John McCain knows that maximizing the killing of thy enemy is a hopeless undertaken and not the solution — you only empower them. Restrain from using force is sometime wiser. But maximal killing of tumor cells à tout prix is still the prevailing doctrine in mainstream oncology.

Here is a solution, shown at least in preclinical studies: prevent the surviving and stressed tumor cells from causing more harm by using a new class of non-toxic drugs not aimed at more effective killing but at breaking the vicious cycle of tissue-damage-induced tumor progression.

Cancer experts could learn from John Mc Cain: Think outside the box.
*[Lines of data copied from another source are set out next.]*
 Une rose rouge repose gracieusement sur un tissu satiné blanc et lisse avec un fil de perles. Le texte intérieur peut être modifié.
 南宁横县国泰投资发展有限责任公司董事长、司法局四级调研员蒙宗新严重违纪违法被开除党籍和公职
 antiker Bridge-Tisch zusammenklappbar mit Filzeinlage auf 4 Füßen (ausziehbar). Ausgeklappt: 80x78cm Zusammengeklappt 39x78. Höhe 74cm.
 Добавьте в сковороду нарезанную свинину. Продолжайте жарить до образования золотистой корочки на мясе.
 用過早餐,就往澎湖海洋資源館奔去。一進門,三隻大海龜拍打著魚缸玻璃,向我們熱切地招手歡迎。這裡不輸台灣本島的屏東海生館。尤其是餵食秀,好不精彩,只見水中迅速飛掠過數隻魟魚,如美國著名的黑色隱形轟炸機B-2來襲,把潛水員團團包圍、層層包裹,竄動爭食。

This takes courage and wisdom that the former sadly lack (with few exceptions): the wisdom to see the reality on the ground which differs from the ingrained doctrines of arm chair generals and the “thought-leaders” of cancer research. Specifically: think outside the box of killing cancer cells.

For more related ideas on MEDIUM, see posts here and here.
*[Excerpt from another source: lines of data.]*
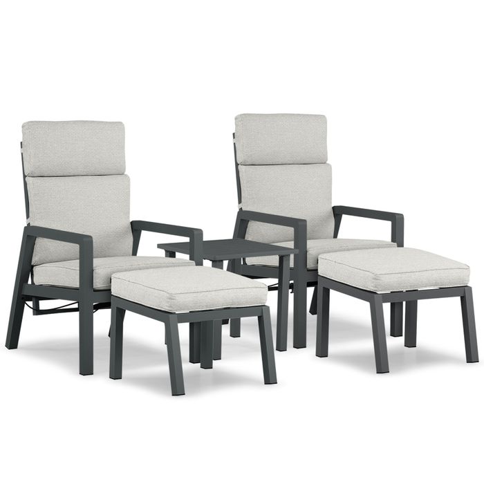 De Lifestyle Albelli bistroset 5-delig is een luxe en veelzijdige set die ideaal is voor ontspanning in een knus hoekje van jouw tuin, balkon of terras. Deze set bestaat uit twee comfortabele stoelen, twee voetenbanken en een bijpassende bijzettafel. Met het strakke design en de duurzame materialen, zoals een aluminium frame, past deze bistroset perfect in iedere buitenruimte. Geniet samen van ultiem comfort terwijl je je voeten omhoog legt en ontspant met een drankje binnen handbereik. Wil je deze set zelf ervaren? Bezoek een van onze 12 Tuinmeubelshop Experience Stores XXL!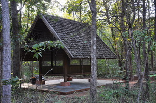 “… รุกขมูลเสนาสนัง เมื่อบวชแล้วท่านจงไปอยู่ในป่า ในเขา ในถ้ำ ในหุบ ในเหว ป่าช้ารกชัฏบ้านร้างเรือนว่าง เพื่ออาศัยสถานที่อันสงบสงัดนั้นทำที่สุดแห่งทุกข์เถิด…” “…Rukkhamulasenasana Having been ordained, a bhikkhu shoued dwell in a Forest, on the mountain, in the cave, in the valley, in the abyss, in the graveyard, in a wilderness or in a deserted house in order to stay in such a quiet place so as to make the end of suffering…”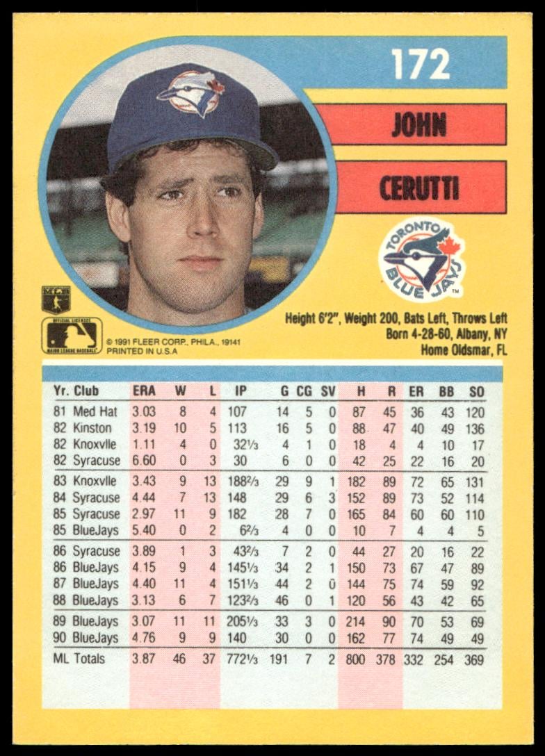 This Baseball card, from 1991 is part of the Fleer  card set. John Cerutti is featured and has a card number of 172.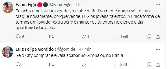 Porém, a informação é que o staff do atleta tem medo que ocorra uma situação. Caso ele seja vendido, há o temor que ele seja emprestado para outro time do Grupo City, o que não seria interessante para sua carreira.

POST SCRIPTUM: The evening after I posted this, John McCain passed away. It seems that treatment was ceased for more encompassing medical reasons than the realization that the tumor is not responding to the (toxic) treatment anymore, that is, the term ‘treatment’ in the media referred to palliative intervention and or care to address other medical problems. Nevertheless the lessons presented above on the fundamental scientific principles in our fight against cancer remain valid. But more so, I am deeply grateful to the opportunity to communicate these ideas in the context of John McCain’s admirable spirit in fighting for a cause and thinking beyond the confines of established doctrines.

Scientifically, after ending (or declining) cancer treatment, otherwise healthy patients can live for weeks if not months. We just cannot predict the natural course of disease in individual case — and whether a patient would have lived longer after forgoing more therapy. In animal models, as mentioned above, there are cases where mice with a deadly tumor do better if untreated than the ones that were treated but did not respond to the therapy (but not better than the ones that were treated AND did respond). This is shown in the figure above (from this paper).

How the double-edged sword cuts depends on the individual patient.